Traditionally, children in foster care have been provided with day-to-day care by a primary caregiver within a family context. However, there are other aspects of family care that foster children have been denied. Many children in the foster care system have experienced the trauma of moving from one family to another and never getting the chance to experience the continuity in relationships which are proven to enhance self-esteem and identity formation. These children sometimes never learn psychologically healthy ways to connect with others. Unfortunately, few children in foster care receive adequate help in resolving the grief they experienced when separated from their birth families. Although interrupted relationships are traumatic and should be avoided whenever it is possible to meet the child’s needs without a move the long-term effects of a child being without attachments for significant periods of his or her life are even more detrimental.

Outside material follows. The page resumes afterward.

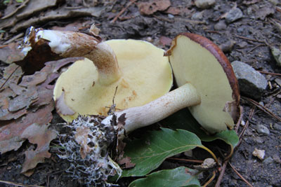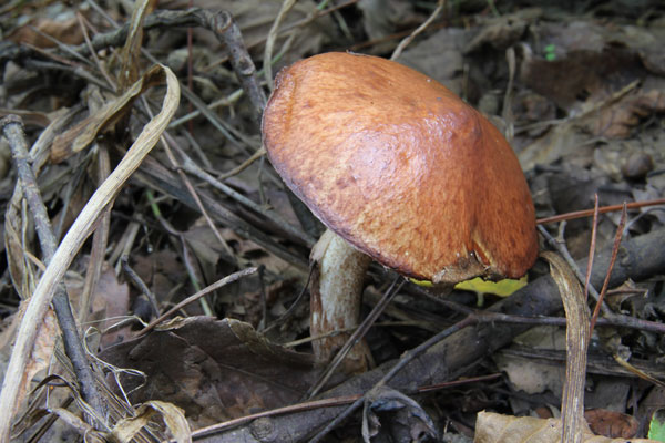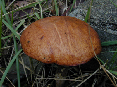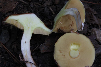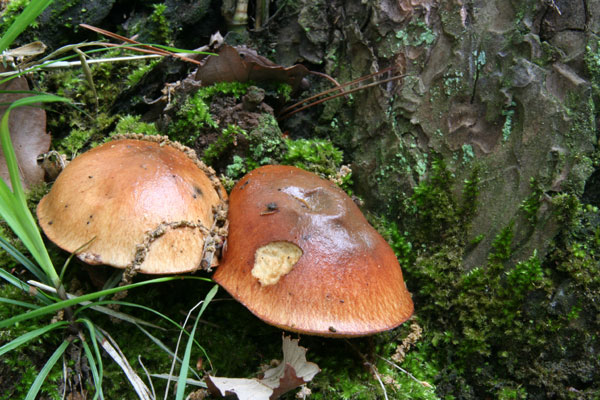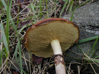 通常膜質のつばを持つが、この個体は皮膜が傘側に付着している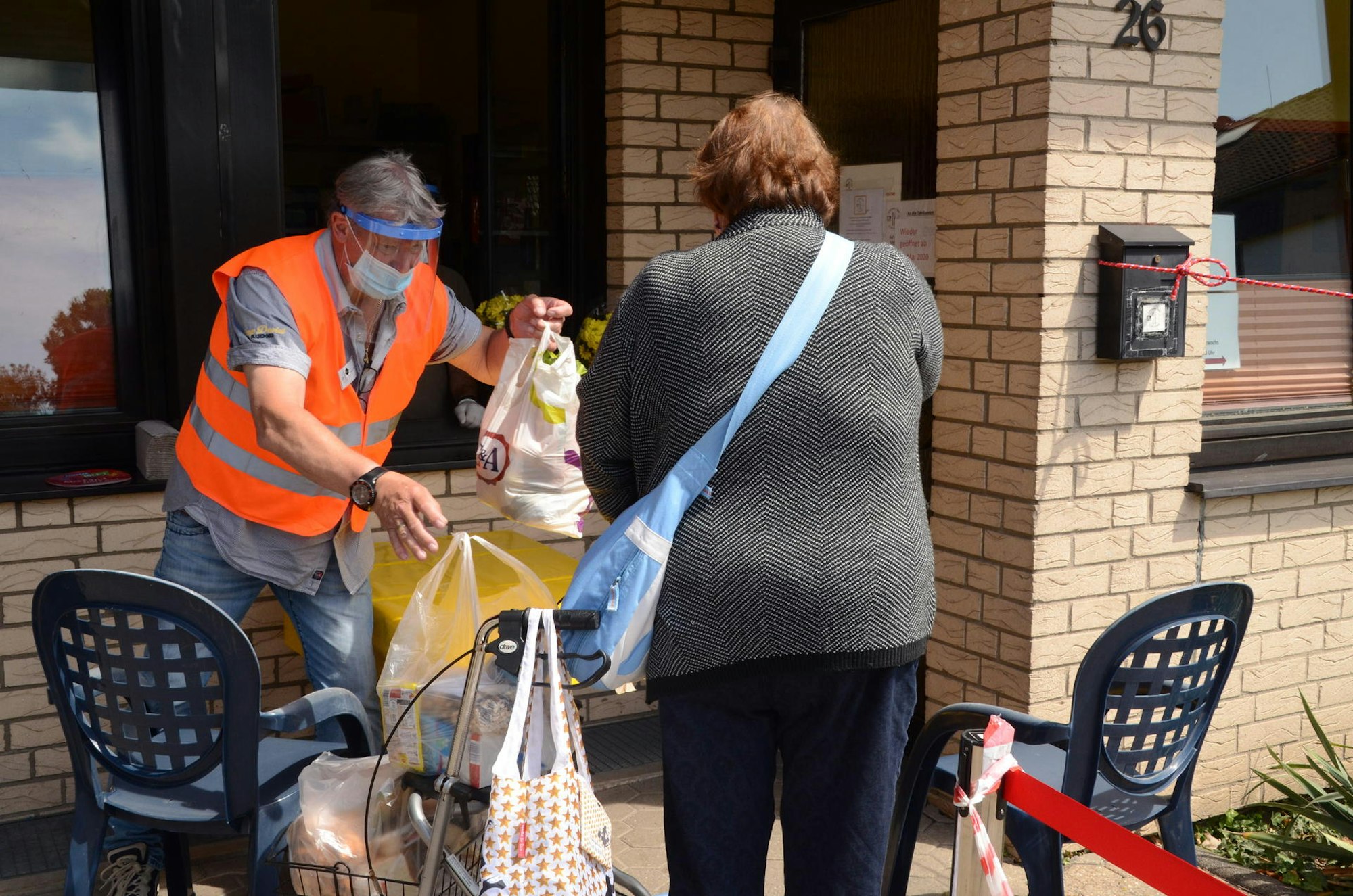 Nur mit Mund- und Nasenschutz begegneten sich Helfer und Kunden in Lohmar.

Once a child has experienced a healthy attachment, it is more likely that with help, he or she can either extend this attachment to someone else or form additional attachments if necessary. It is the foster parents’ role to help the child develop healthy attachments, so that continued growth and development are facilitated (24). Foster parents are responsible for creating an environment that allows the child to form healthy adult-child relationships. Many times children in foster care will need help learning how to express their emotions in ways that won’t get them into more trouble (25).